Activity
Return each line of the data below exactly, omitting any pictures.

Data block
|---|

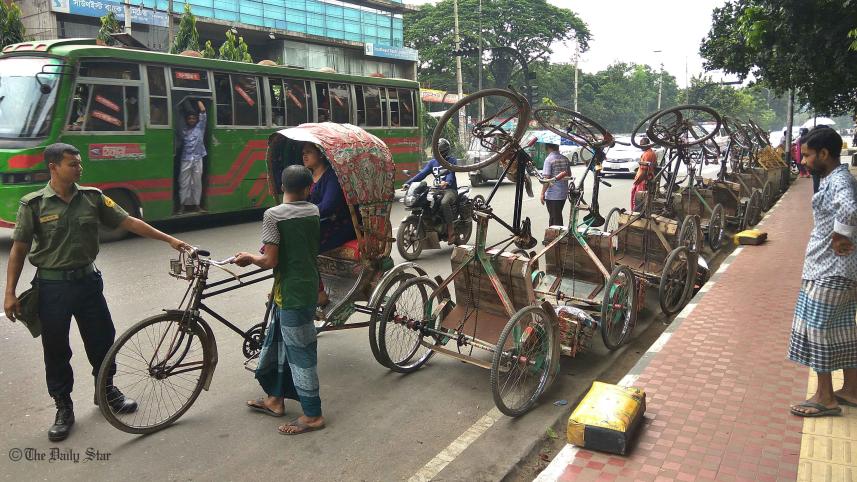 Rickshaws are tipped over and kept on the side of Mirpur Road near the Gono Bhaban. Police officers said they would impound the rickshaws as the pullers attempted to use the road prohibited to non-motorised vehicles. Photo: STAR/ Rashed Shumon
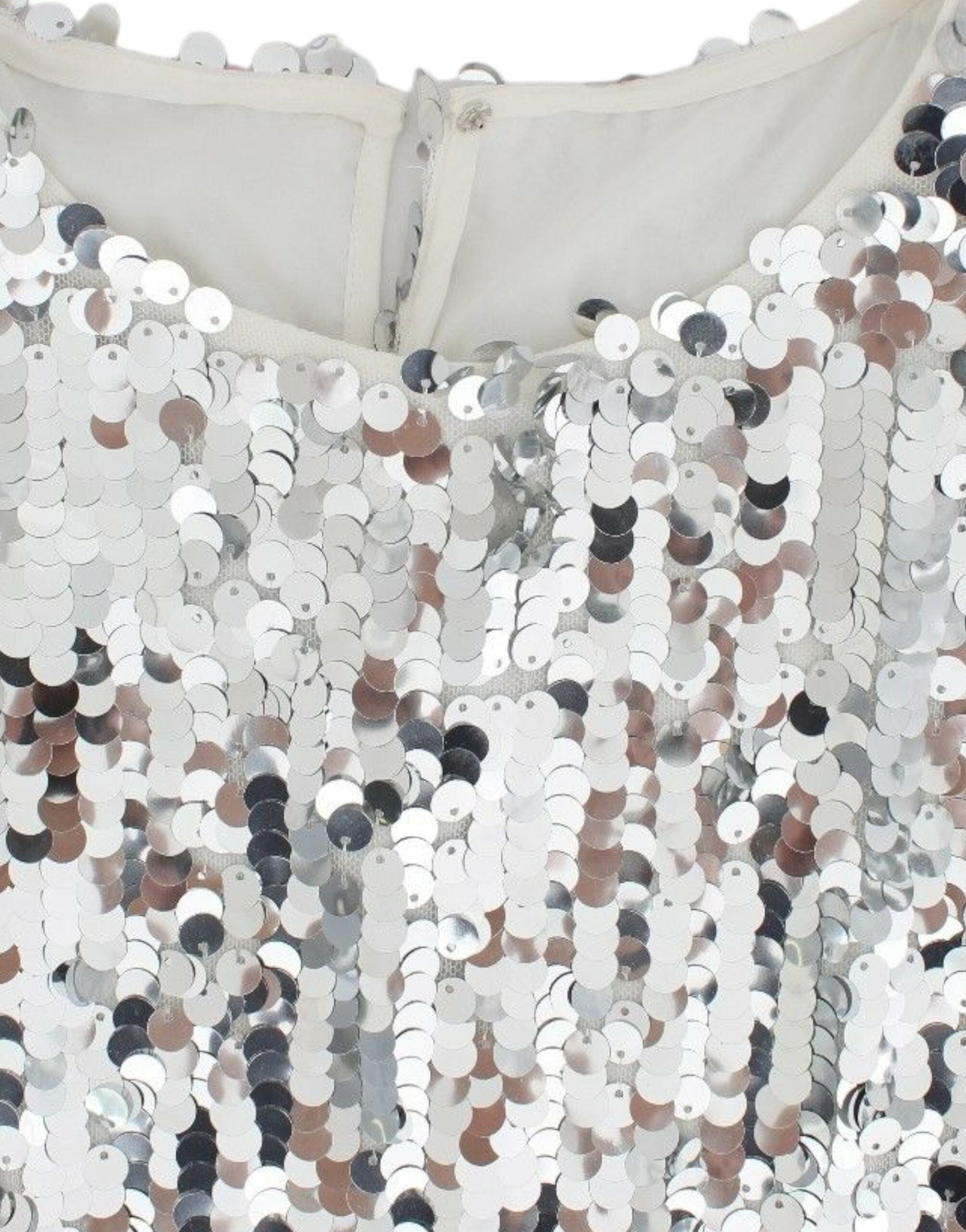 Gorgeous brand new with tags, 100% Authentic Dolce & Gabbana white with silver sequined party evening blouse top. This item comes from the exclusive MainLine Dolce & Gabbana Collection.
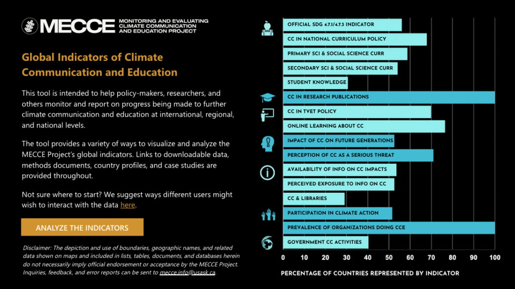 Data from Global Sustainable Development Goal Indicator 4.7.1b is now available on the interactive data platform. This indicator was developed by the MECCE Project in partnership with the Global Education Monitoring Report and UNESCO Institute for Statistics, and recently formally accepted by the UN. It measures greening content in countries’ national curriculum frameworks and grade 3, 6, and 9 science and social science curricula. The indicator analysis tool allows users to analyze and visualize the SDG indicator, as well as by national curriculum frameworks, primary education curricula, and secondary education curricula. We have also added an in-development indicator of the extent of education commitments in the action plans countries submit under the Paris Agreement, which are known as Nationally Determined Contributions. We welcome feedback on this provisional indicator.
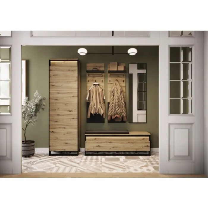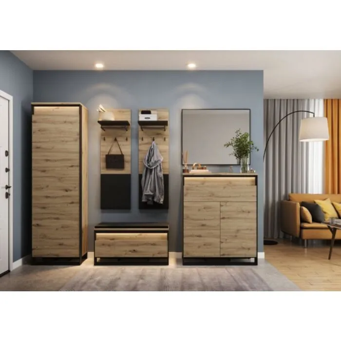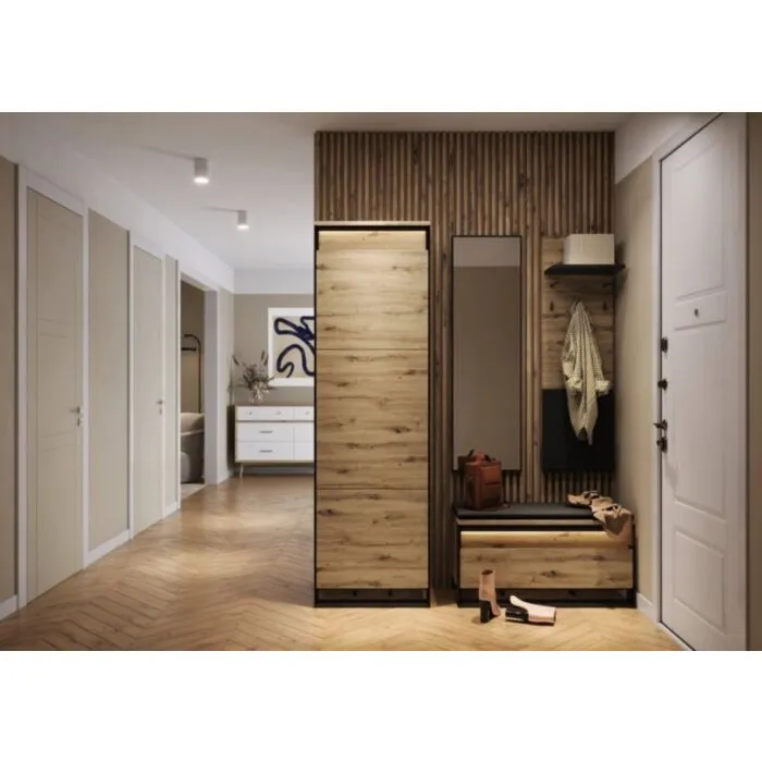 Omara KVIN 1 je večnamenski kos pohištva. Odlično se bo podala v predprostor, prav tako pa jo lahko uporabljate, kot manjšo garderobno omaro. Omara KVIN 1 ne le, da odlično organizira razpoložljiv prostor, temveč vam pomaga tudi pri organizaciji in olajša shranjevanje različnih čevljev ali predmetov. Ena njenih ključnih prednosti je kompaktna velikost, ki se odlično prilega majhnim hodnikom. Ne glede na to, ali imate omejen prostor, vam bo ta omara zagotovila praktično shranjevanje oblačil, obutve in drugih potrebščin.

|---|

Result of the task
 Rickshaws are tipped over and kept on the side of Mirpur Road near the Gono Bhaban. Police officers said they would impound the rickshaws as the pullers attempted to use the road prohibited to non-motorised vehicles. Photo: STAR/ Rashed Shumon
 Gorgeous brand new with tags, 100% Authentic Dolce & Gabbana white with silver sequined party evening blouse top. This item comes from the exclusive MainLine Dolce & Gabbana Collection.
 Data from Global Sustainable Development Goal Indicator 4.7.1b is now available on the interactive data platform. This indicator was developed by the MECCE Project in partnership with the Global Education Monitoring Report and UNESCO Institute for Statistics, and recently formally accepted by the UN. It measures greening content in countries’ national curriculum frameworks and grade 3, 6, and 9 science and social science curricula. The indicator analysis tool allows users to analyze and visualize the SDG indicator, as well as by national curriculum frameworks, primary education curricula, and secondary education curricula. We have also added an in-development indicator of the extent of education commitments in the action plans countries submit under the Paris Agreement, which are known as Nationally Determined Contributions. We welcome feedback on this provisional indicator.
 Omara KVIN 1 je večnamenski kos pohištva. Odlično se bo podala v predprostor, prav tako pa jo lahko uporabljate, kot manjšo garderobno omaro. Omara KVIN 1 ne le, da odlično organizira razpoložljiv prostor, temveč vam pomaga tudi pri organizaciji in olajša shranjevanje različnih čevljev ali predmetov. Ena njenih ključnih prednosti je kompaktna velikost, ki se odlično prilega majhnim hodnikom. Ne glede na to, ali imate omejen prostor, vam bo ta omara zagotovila praktično shranjevanje oblačil, obutve in drugih potrebščin.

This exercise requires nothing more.